▶ [SOURCE RECORDS]:
---

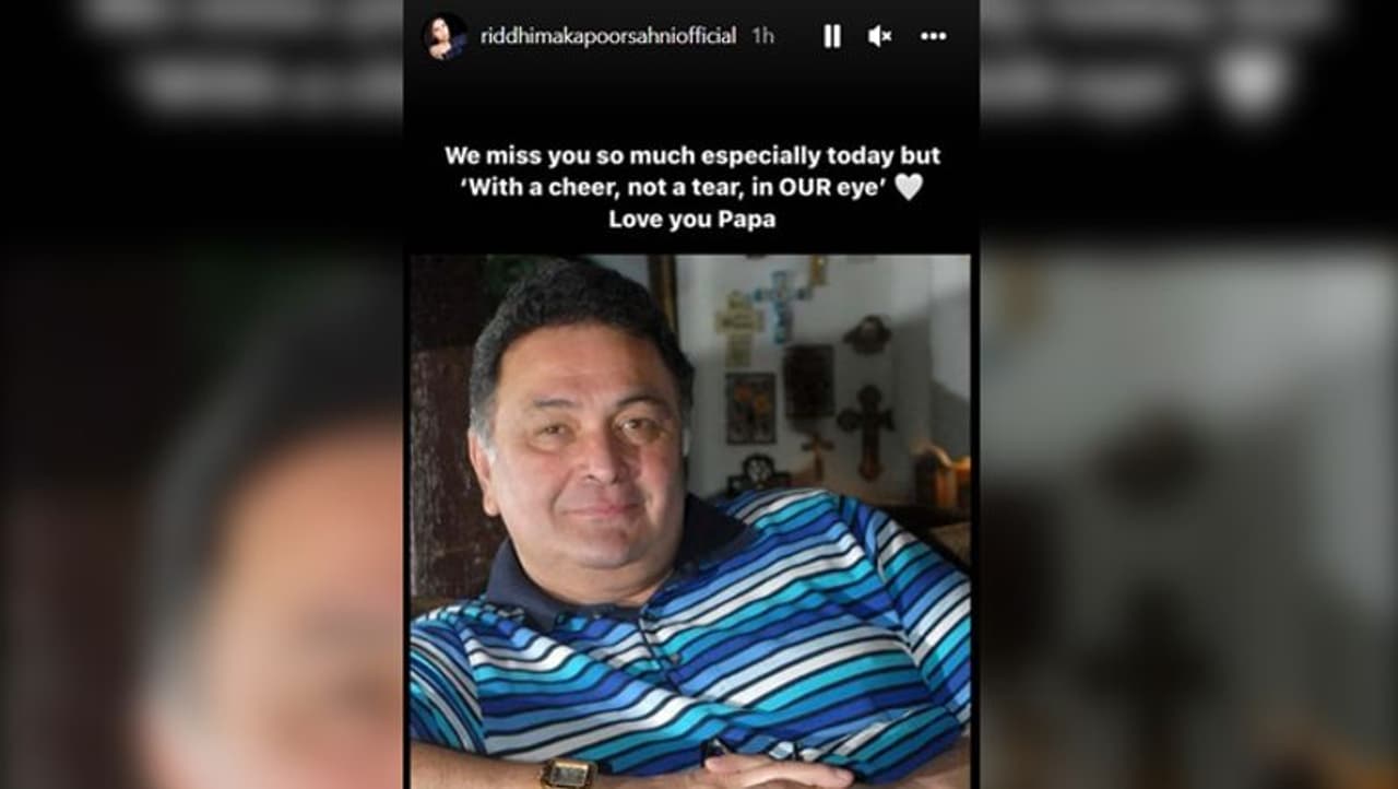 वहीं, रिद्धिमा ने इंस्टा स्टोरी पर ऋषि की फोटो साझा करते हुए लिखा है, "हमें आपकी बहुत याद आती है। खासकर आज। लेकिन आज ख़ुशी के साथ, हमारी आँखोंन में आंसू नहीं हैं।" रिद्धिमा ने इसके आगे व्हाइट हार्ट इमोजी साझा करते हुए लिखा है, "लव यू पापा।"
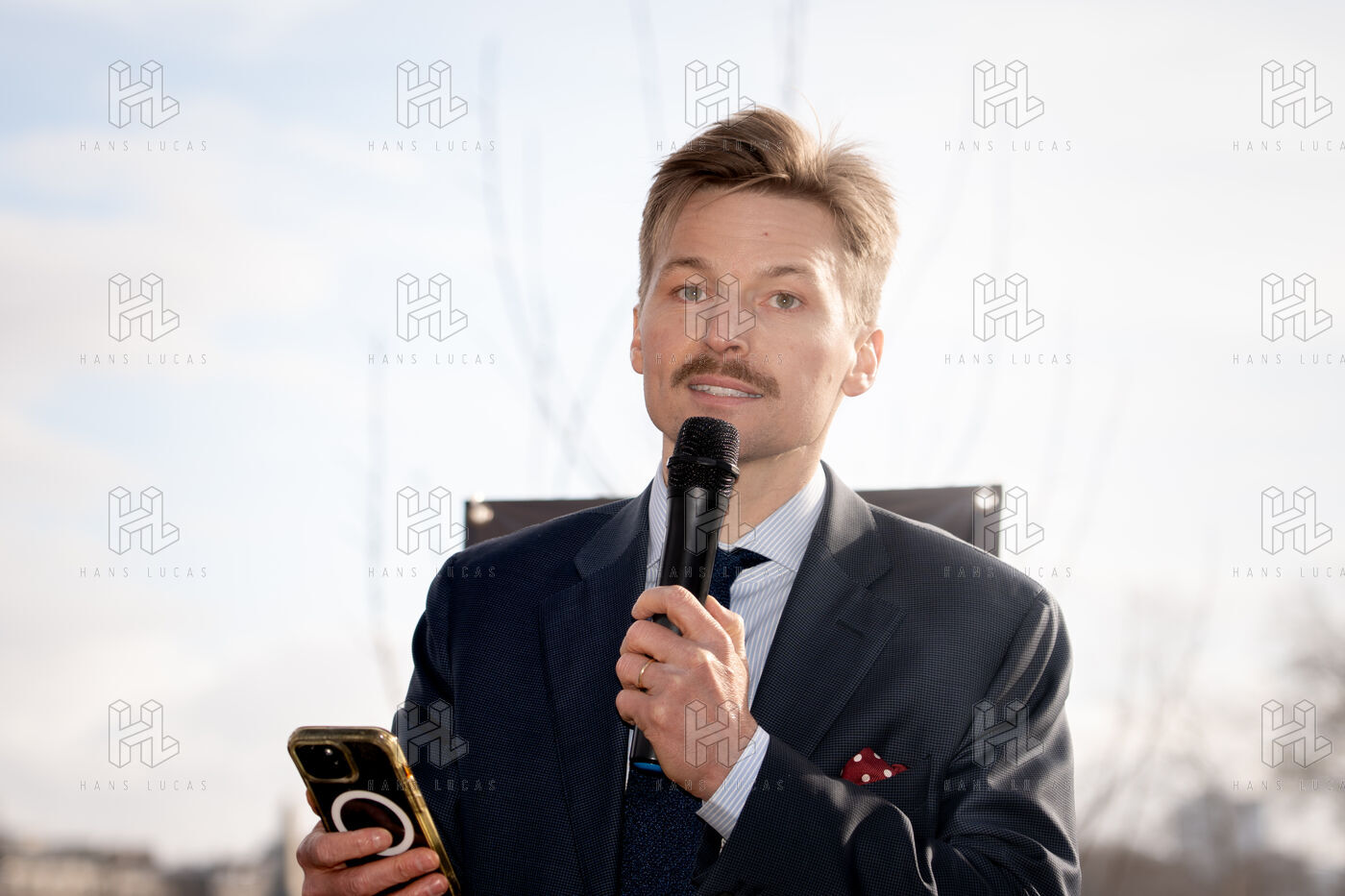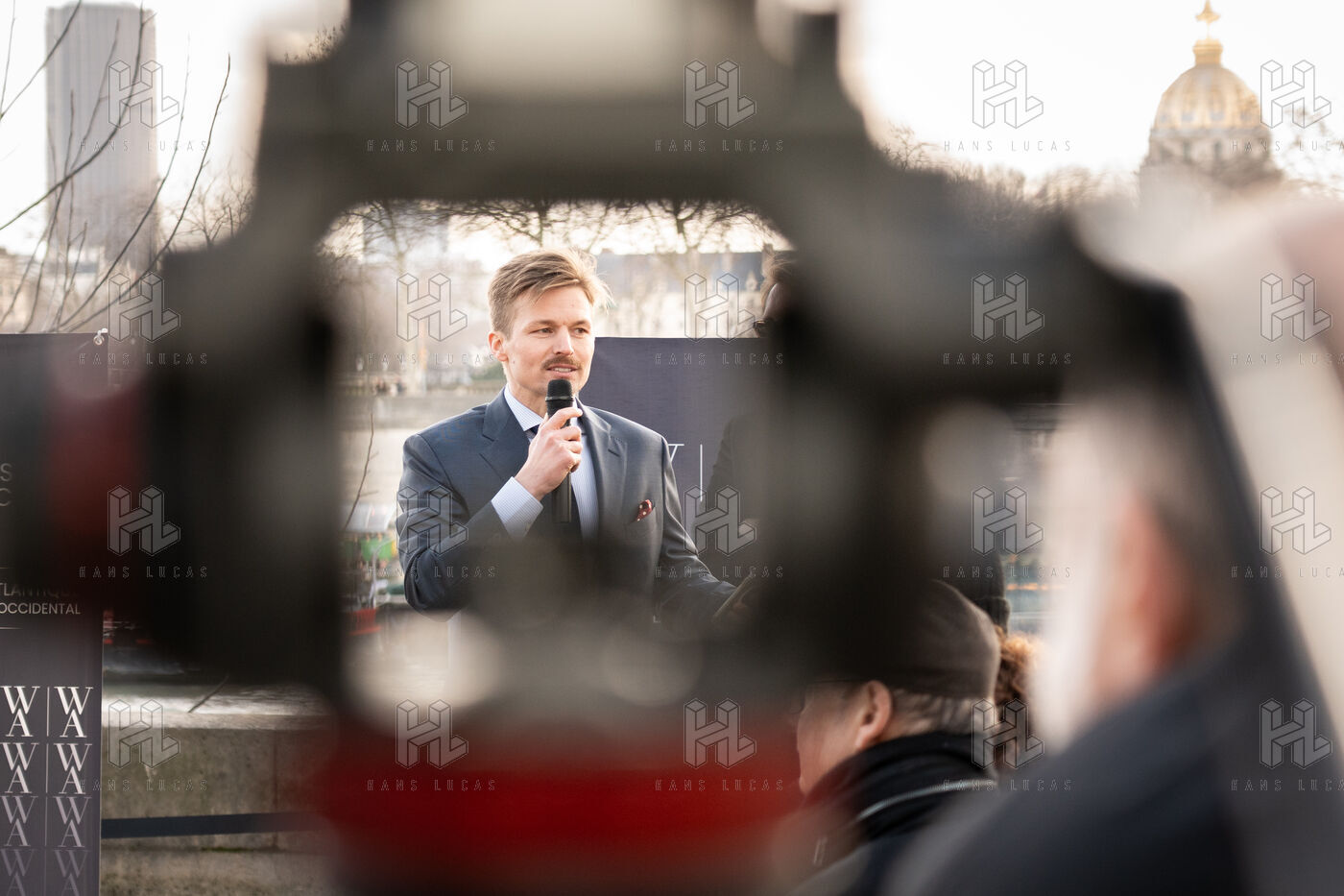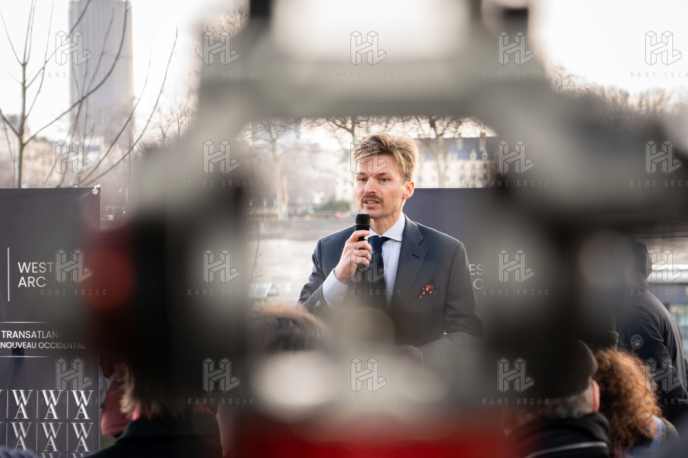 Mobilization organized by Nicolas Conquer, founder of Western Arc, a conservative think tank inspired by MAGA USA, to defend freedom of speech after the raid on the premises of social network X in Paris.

---

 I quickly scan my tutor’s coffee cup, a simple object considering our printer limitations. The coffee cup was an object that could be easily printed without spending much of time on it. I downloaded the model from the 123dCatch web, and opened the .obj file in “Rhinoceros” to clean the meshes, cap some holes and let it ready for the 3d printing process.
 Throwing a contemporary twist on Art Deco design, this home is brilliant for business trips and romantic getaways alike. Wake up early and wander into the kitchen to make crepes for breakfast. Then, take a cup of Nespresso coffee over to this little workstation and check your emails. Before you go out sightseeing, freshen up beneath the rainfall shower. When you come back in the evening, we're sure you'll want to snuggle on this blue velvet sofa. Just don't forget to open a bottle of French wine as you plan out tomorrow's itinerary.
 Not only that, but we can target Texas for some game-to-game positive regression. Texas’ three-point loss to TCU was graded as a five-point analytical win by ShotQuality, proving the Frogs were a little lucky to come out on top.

---

▶ [REQUIREMENT]:
In the records above, some lines hold the word "little"; copy each such line.

▶ [EXERCISE SOLUTION]:
 Throwing a contemporary twist on Art Deco design, this home is brilliant for business trips and romantic getaways alike. Wake up early and wander into the kitchen to make crepes for breakfast. Then, take a cup of Nespresso coffee over to this little workstation and check your emails. Before you go out sightseeing, freshen up beneath the rainfall shower. When you come back in the evening, we're sure you'll want to snuggle on this blue velvet sofa. Just don't forget to open a bottle of French wine as you plan out tomorrow's itinerary.
 Not only that, but we can target Texas for some game-to-game positive regression. Texas’ three-point loss to TCU was graded as a five-point analytical win by ShotQuality, proving the Frogs were a little lucky to come out on top.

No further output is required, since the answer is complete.